クリニックブログ

2018.11.05更新

こんにちは。杉澤デンタルクリニック行徳の渡邊です。

みなさんは皮膚よりお口の中にできた傷の方が治りが早いと感じたことはありませんか?

昔からケガをしたら「ツバをつけておけば治る!」と言われたことがある方もいると思います。

今回は、なぜお口の中の傷の治りが早いのかお話したいと思います。


唾液にはお口の中の酸を中和して虫歯になりにくくしてくれる効果もありますが、他にも止血を助けたり傷口に侵入するバイ菌を破壊し、炎症を抑えてくれる成分も含まれているのです。

唾液の成分
1.自浄作用のある成分…歯や歯間に付着した食べカスやプラーク(歯垢)を洗い流す
2.抗菌作用のある成分…抗菌作用をもつ成分がお口の中の細菌の増殖を抑える
3.pH緩衝作用のある成分…飲食により酸性になったお口の中のpHを中和させ虫歯を防ぐ
4.再石灰化作用のある成分…飲食により溶けかかった歯の表面を修復する
5.消化作用のある成分…酵素アミラーゼがデンプンを分解し消化しやすくする
6.粘膜保護・潤滑作用のある成分…粘性のあるムチンが粘膜を保護し発声をスムーズにする
7.溶解・凝集作用のある成分…味を感じさせ、噛み砕いたり飲み込んだりしやすい塊にする
8.粘膜修復作用のある成分…上皮成長因子と神経成長因子が傷を治す

唾液には傷ついたお口の粘膜の上皮の成長を促進する因子(EGF)や抗菌作用のあるリゾチーム、ラクトフェリン、粘膜を保護するムチンなどが含まれているので、この成分のはたらきによって皮膚よりもお口の中の傷の方が治りが早くなるのです。

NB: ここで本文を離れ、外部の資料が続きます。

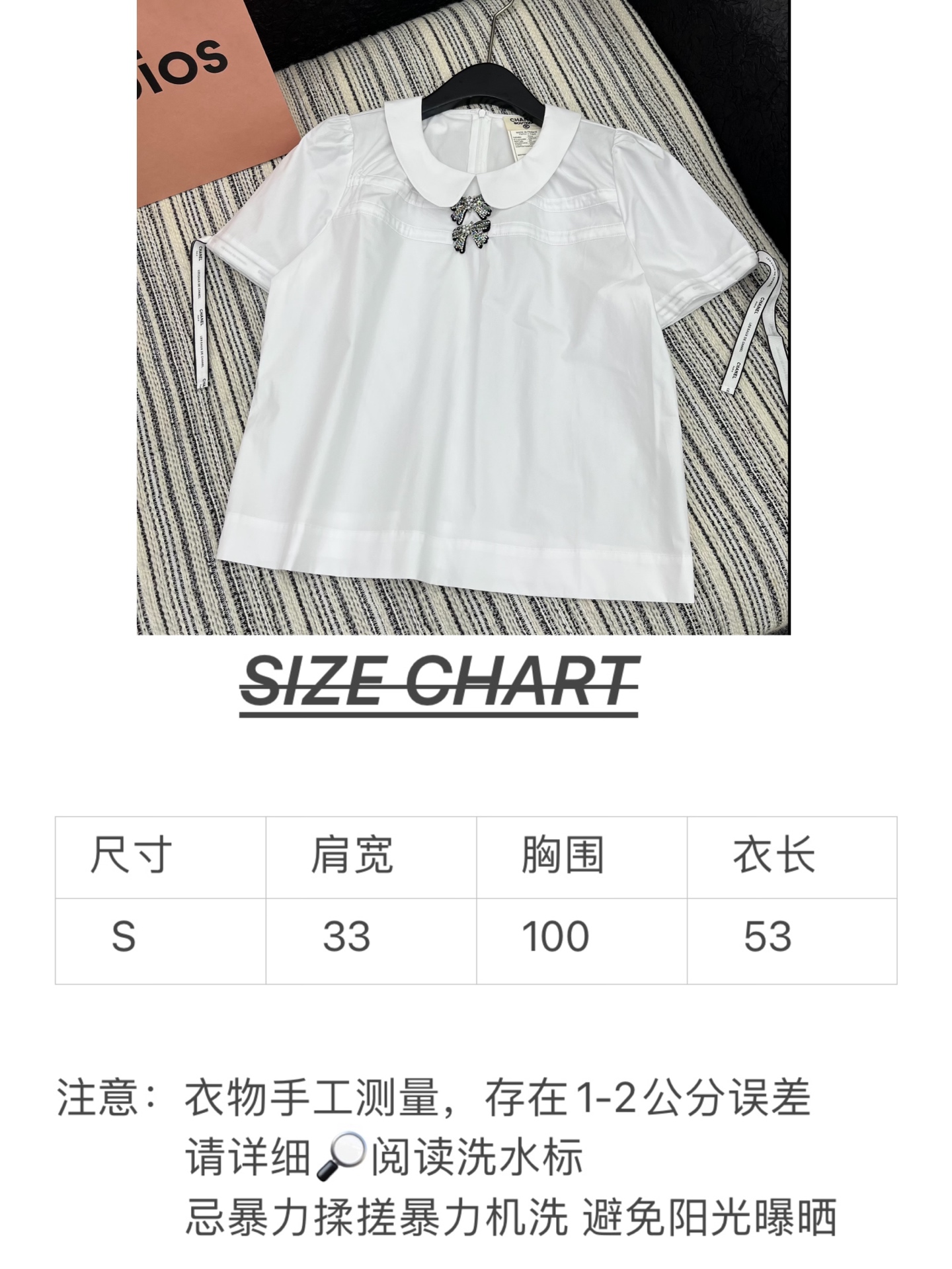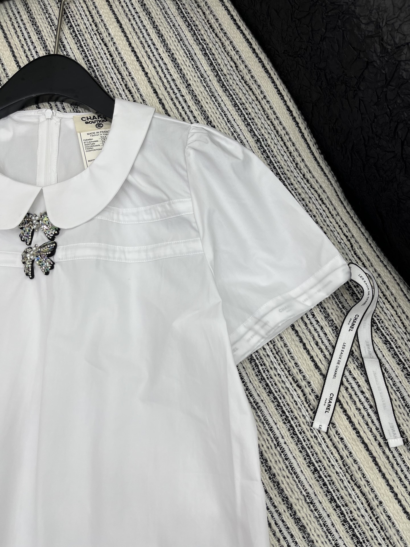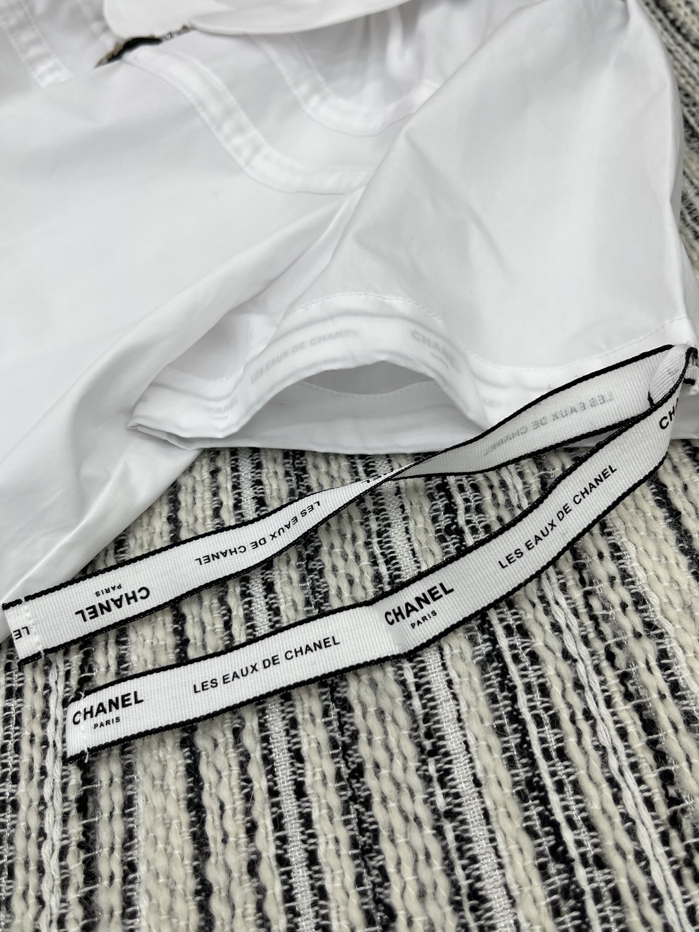 這款衣服是AAAAA 1:1 質量(非常棒). 使用了和原版一模一樣的材料. 商標部分也保持了和香奈兒/Chanel一樣. 圖片拍攝是實物衣服拍攝, 您所收到的實物保證和我們圖片一模一樣.
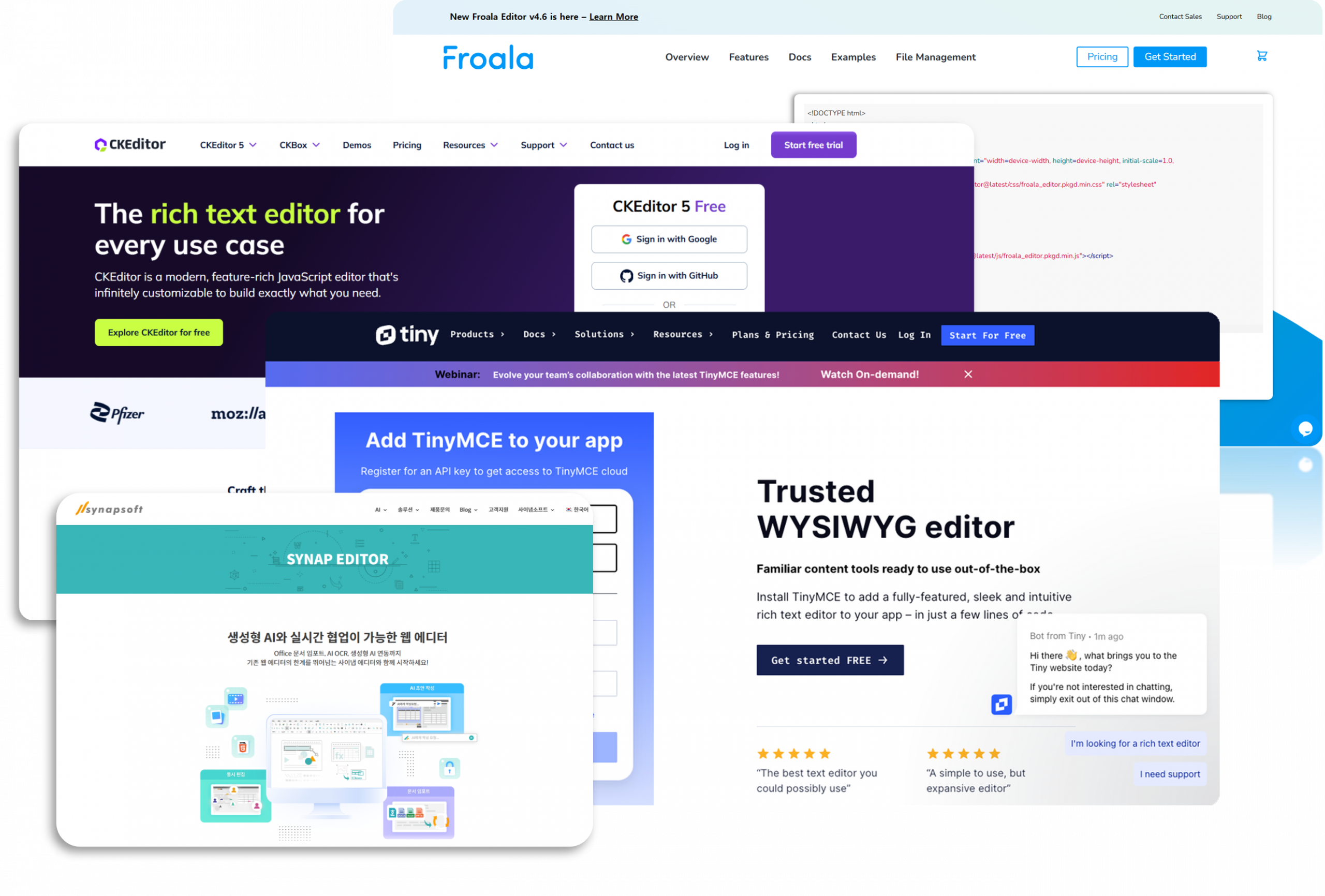 Froala Editor는 5% 점유율의 3위이지만 ‘Small but Strong’ 전략으로 주목받고 있습니다. 53,600개 기업이 채택했으며, API 통합 중심의 B2B SaaS 전략으로 엔터프라이즈 시장 공략에 집중하고 있습니다.
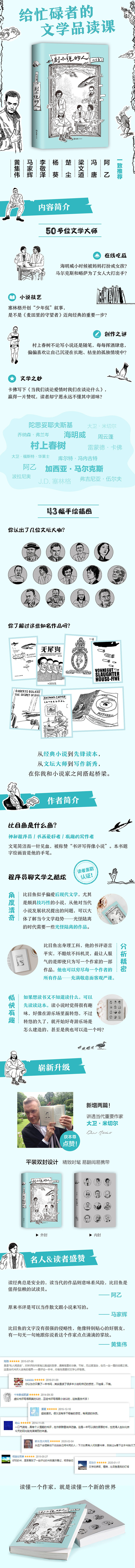 ★ 读经典总是***的,读当代的作品则意味着风险,比目鱼是值得信赖的试读员。这本书的绝大多数内容都涉及当前流行的国外纯文学作品。对不知道读什么好的朋友来说,实在是指路明灯。——阿乙
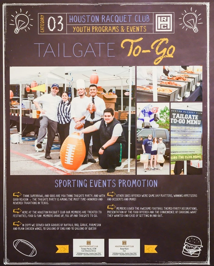 Who doesn't like a party? The Tailgate party is the among the most time-honored and revered Texas traditions. The experience of the event is what the members and staff will remember. Members are treated to festivities, food and friendship. We have hosted this a couple of years now and Chef and the culinary team know how to run this operation smoothly.
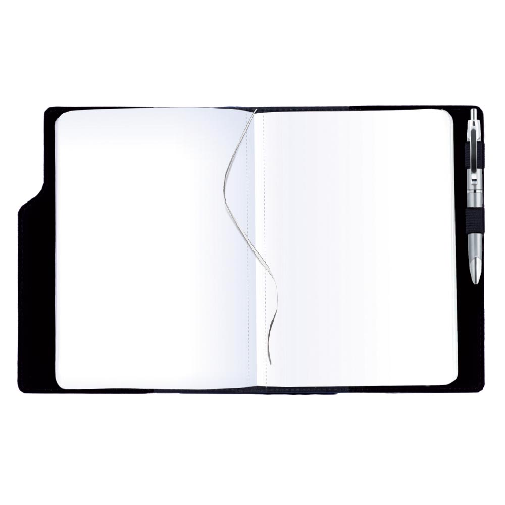 Súčasťou notesu je pútko pre pero a kovová propiska.
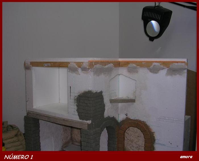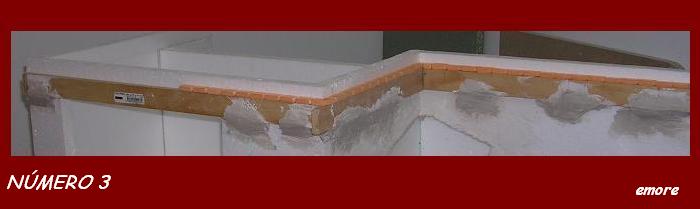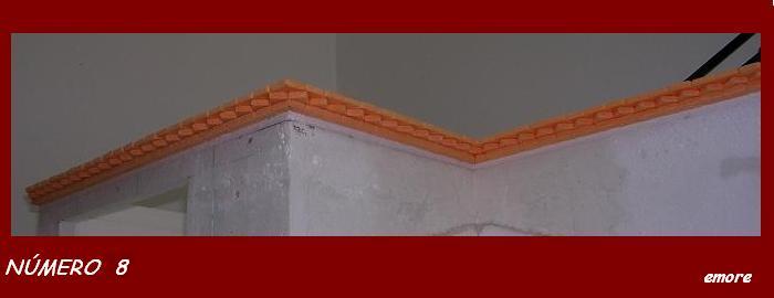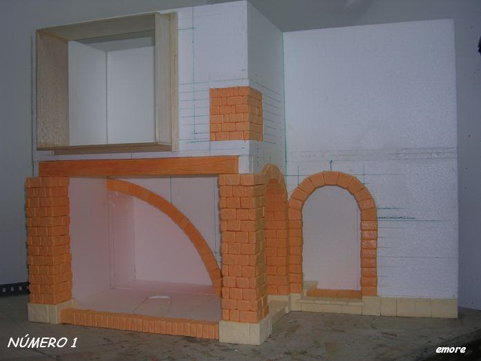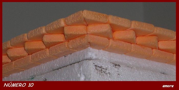 La cornisa la he construido ladrillo a ladrillo. El material que he utilizado es el poliestireno extruído.
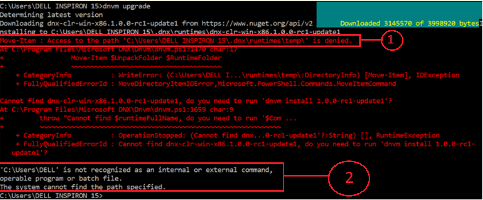 While running “dnvm upgrade” command it was saying that “Access to the path ~\.dnx\runtime\temp\” is denied.

お口の中には多数の細菌が存在します。唾液1mlあたり1~10億個の細菌があるといわれています。しかし、唾液には細菌の増殖や感染を防御する機能があるので比較的、感染や化膿するリスクは少ないのです。


では唾液が少ないとどうなるのか?
唾液の量は以前より減少傾向にあるといわれています。
唾液の量が少ないと自浄作用や殺菌力が低いため、傷口に細菌が入り込み虫歯や口内炎になりやすくなってしまいます。
また、お口の中が乾燥して口臭が強くなったり、食べ物の味が分からなくなることもあります。


唾液の分泌を促すためには?
まずはしっかりと噛む習慣を身につけることが大切です。食事をするときにはよく噛んでから飲み込むことを心掛けましょう。
また、ガムを噛むことも効果的です。甘みが残った状態で噛むことをやめてしまうと虫歯になるリスクが高くなってしまうので、味がなくなるまでしっかり噛むようにしましょう。

まとめ
昔とくらべ現在は食生活も変わり、やわらかい食べ物が多かったりあまり噛まないこと、口呼吸、ストレスが原因で唾液が少なくなっているといわれています。
唾液は私たちのお口の中の健康を維持するうえで非常に重要な分泌物です。唾液の分泌を促進する生活習慣を意識しながらしっかりとお口の健康を守っていきましょう。